After the Slamdance win, Quinn's domestic drama took home Best Indie Feature at the 2008 Philadelphia Film Festival and was a Gotham Independent Film Award nominee. That's impressive for a film that took four years to shoot and $7,000 to make, all while Quinn multitasked as a student in Temple's M.F.A. program. Despite the praise, The New Year Parade did not acquire studio distribution at any of the festivals. This doesn't concern Quinn; he never expected his film would be seen outside the community it profiles. The independent film economy is worse now than when he started production in 2003, he says, and considering the number of deserving Sundance (and other festival) films that don't get picked up, he's proud he still owns his film.

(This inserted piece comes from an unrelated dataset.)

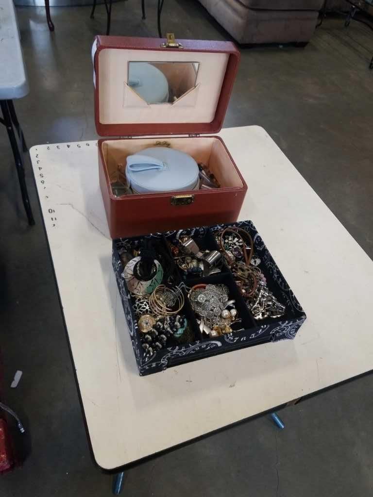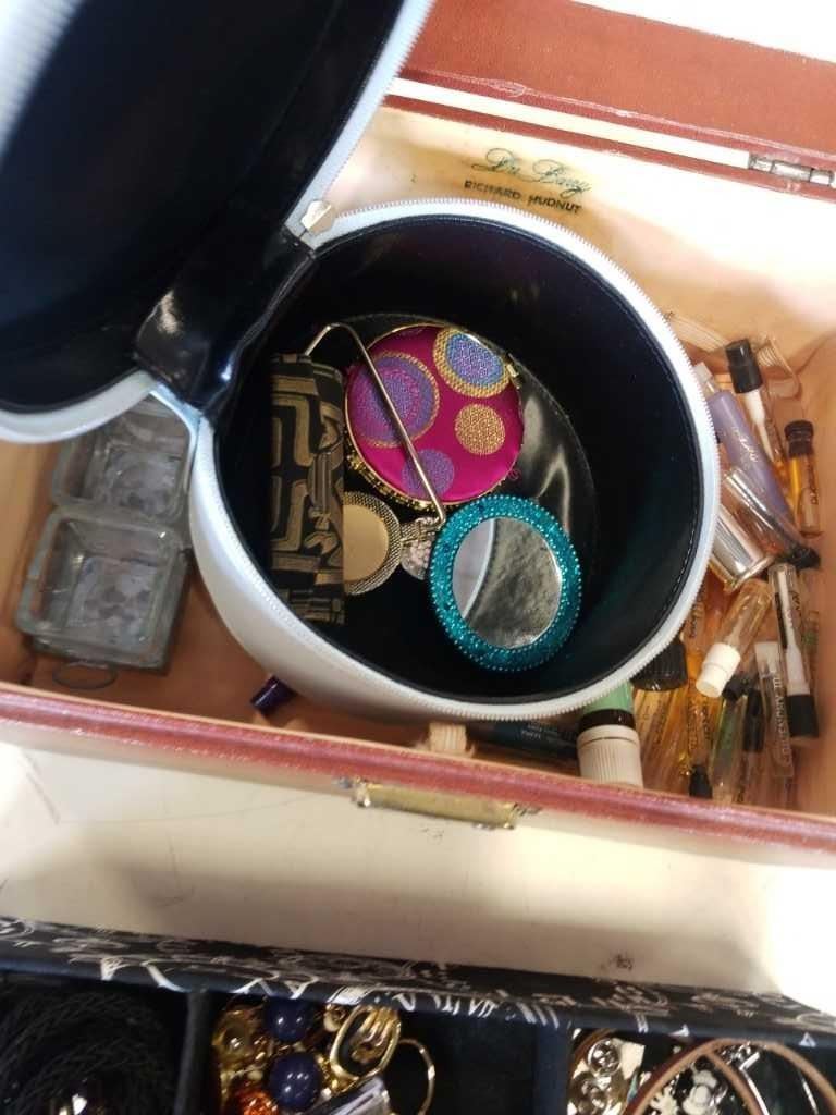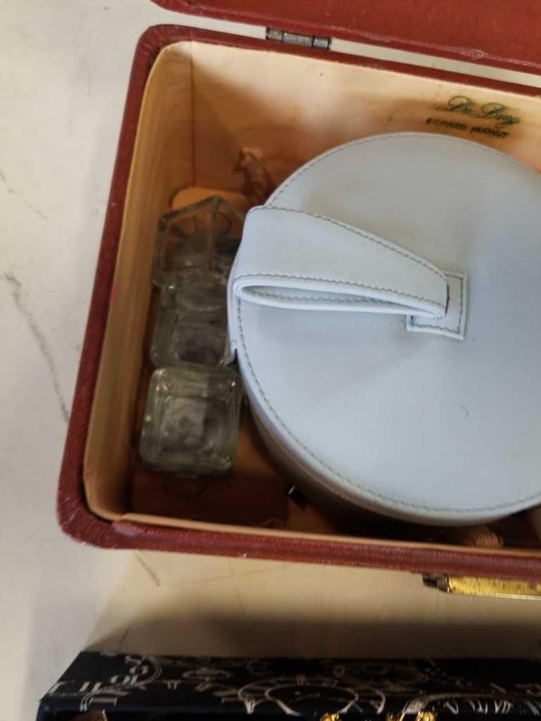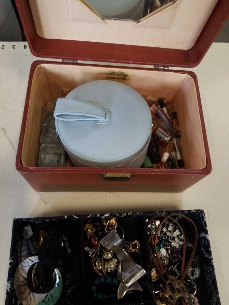 TRAY OF JEWELRY AND MAKEUP CASE WITH PERFUME

Though the festival parade has ended, Quinn is still busy. His job titles include editor of local filmmaker Sarovar Banka's India-shot feature A Decent Arrangement, director of photography for the NYC-based Babelgum's Radar Web series and teacher in UArts' high school program. Next year will kick off with a two-month mentorship that pairs him with Brooklyn-based filmmaking duo Anna Boden and Ryan Fleck, whose films Half Nelson and Sugar match The New Year Parade's character-driven, mumblecore nuances.
Quinn is currently penning a script about an affable Catholic priest who returns to his childhood parish to reinvigorate it, but then has a near-death experience. Quinn would like to shoot it at the Catholic elementary school he attended in Southampton, Pa.
Eyeing Mount Airy and Roxborough for future shoots, he sees the Philly film scene as a bag of popcorn ready to burst. He points to the budding artist communities in Fishtown and Northern Liberties, support from the Greater Philadelphia Film Office and DIVE post-production facility, and the city's recent film school grads who've "bought houses and are staying here." Such auspicious ingredients can help for digging up stories about the city that haven't yet received silver-screen treatment. The Mummers, relatively uncharted cinematic territory in fiction form, fit that niche.
Despite making Filmmaker Magazine's 25 New Faces of Independent Film list and earning a MovieMaker magazine's 10 Young Writer/Directors to Watch nod, Quinn is still satisfied making ultra-low-budget features and picking up spare moonlighting checks. He's driven by an attention to narrative detail and bare-bones honesty onscreen.
"When you don't have money to get whatever name actor that's gonna bring people in, I think that texture is really important," Quinn says. "It's what's gonna make the film unique, memorable and surprising."
Scott Macaulay, editor-in-chief of Filmmaker Magazine and an independent film producer, worked with Quinn in a 2007 narrative rough-cut workshop and offered editing guidance on The New Year Parade. "He's a strong storyteller in that he's not making generic Hollywood stories but instead taking a subject matter about people living in Philadelphia," Macaulay says. "It's a near-universal story, and he captured it very sensitively."
Despite the storyline's common touch, The New Year's Parade's specificity is in line with Quinn's business plan. To escalate the level of buzz attached to his film, he's been rallying for an extended regional run or screenings in other cities to complement the release of Parade on DVD.
Quinn believes in a community-based release model, which entails Econ 101-style DIY marketing.
"If you work with the community from the very beginning — from the writing-the-script stage — and if you carry it all the way through, you can make a movie for very little money that's supported by the community in the end," Quinn says. "I'm not going to make a living this way, but I could make another film this way."
The New Year Parade, Oct. 30-Nov. 5, Ritz at the Bourse, 400 Ranstead St., 215-925-7900, landmarktheatres.com. DVD available Nov. 24 on Amazon and Netflix.